The realities of life come to us in mysterious ways. We fight so hard, only to learn that what we need will never be ours until the struggle is forsaken. Surrender brings enlightenment.”

“Let Go, Or Be Dragged”

Memoir Excerpt:

“Eventually I got to a place where I admitted—no, I accepted—my powerlessness over her disease, though it was counterintuitive for me to do so. By accepting her disease it still sometimes felt like I was giving up, like I didn’t care. Nothing could be further from the truth. But I had to walk over a lot of hot coals before I would know how much I loved Angie. In time I became detached enough to look at her, feel nothing but compassion and love for her, and discuss things intellectually. It was no longer my personal mission to try to change my daughter into the person I wanted her to be. I was not Angie, and she was not me. We were separate people, and I no longer felt that her illness and/or what she chose to do about it reflected on me. This was tremendously freeing for me.

Or, as one parent writes in Sharing Experience, Strength and Hope: ‘Let go, or be dragged.’”

 

Acceptance or Resignation?

What’s the difference between acceptance and resignation? A lot, I’ve discovered.
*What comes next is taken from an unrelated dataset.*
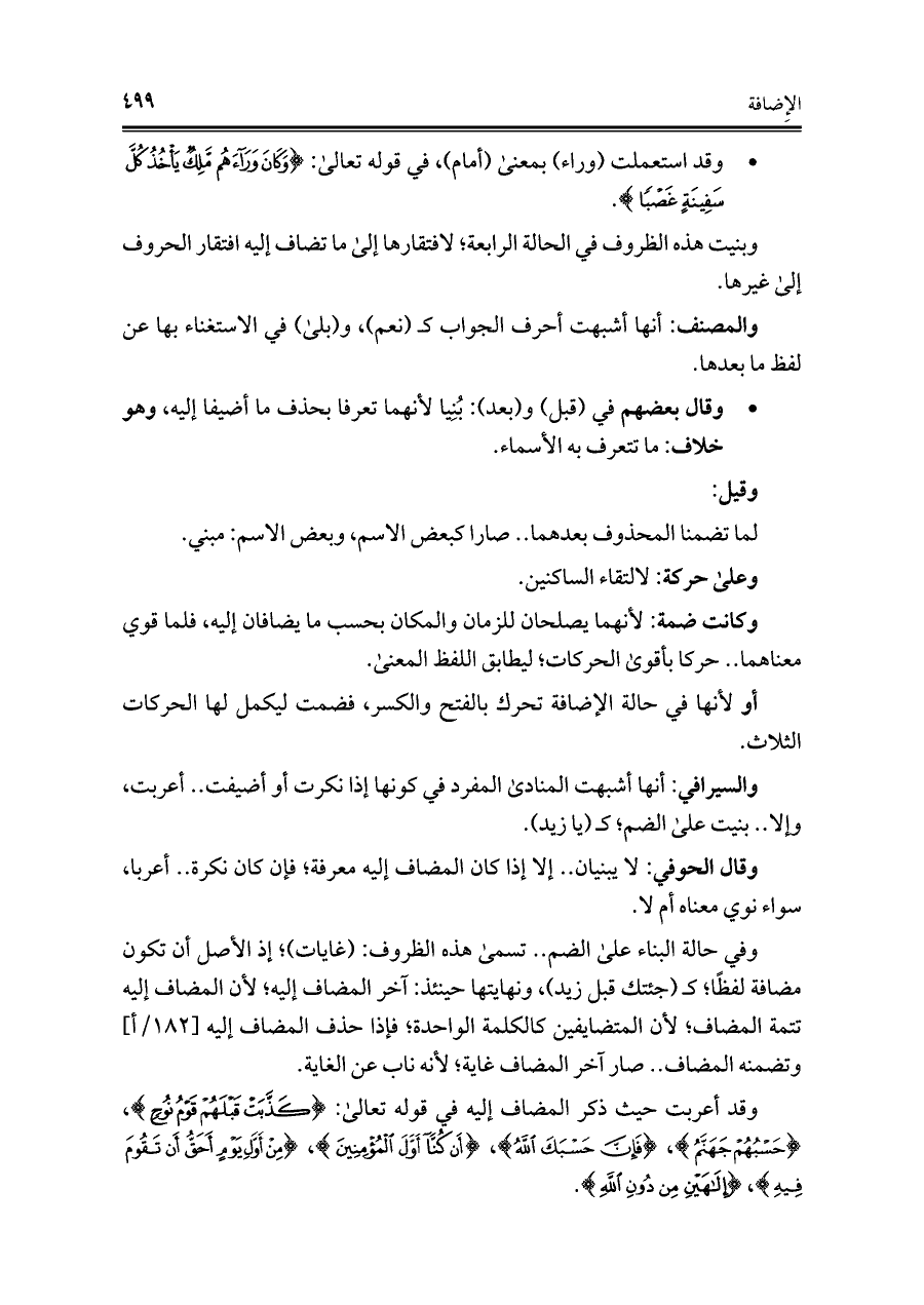 وقد أعربت حيث ذكر المضاف إليه في قوله تعالى: {كَذَّبَتْ قَبْلَهُمْ قَوْمُ نُوحٍ}، {حَسْبُهُمْ جَهَنَّمُ}، {فَإِنَّ حَسْبَكَ اللَّهُ}، {أَنْ كُنَّا أَوَّلَ الْمُؤْمِنِينَ}، {مِنْ أَوَّلِ يَوْمٍ أَحَقُّ أَنْ تَقُومَ فِيهِ}، {إِلَهَيْنِ مِنْ دُونِ اللَّهِ}.

One of the beauties of Twelve-Step recovery is that it’s useful and life-changing “in all our affairs.”  Over the years, I had become resigned to the way things were in my family of origin, like a victim, as if I lacked the power to change anything. But I do have the power—I’ve always had it. I just needed to develop the wisdom to recognize the difference between what I could and could not change.

So I reached out to an estranged family member—and I was rewarded. My lesson? I mustn’t let myself get too lazy or passive. Life is short. If I can make my life better in any way, I should try. Let go of the outcome—but try.

Through my recovery program, I’m flexing long-forgotten muscles with giddy delight. I do recognize what I cannot change, and there’s much in my life that I must accept. But I’m also finding the courage to change what I can, and when I take back the power I’ve always had to affect change, my life just keep getting better and better!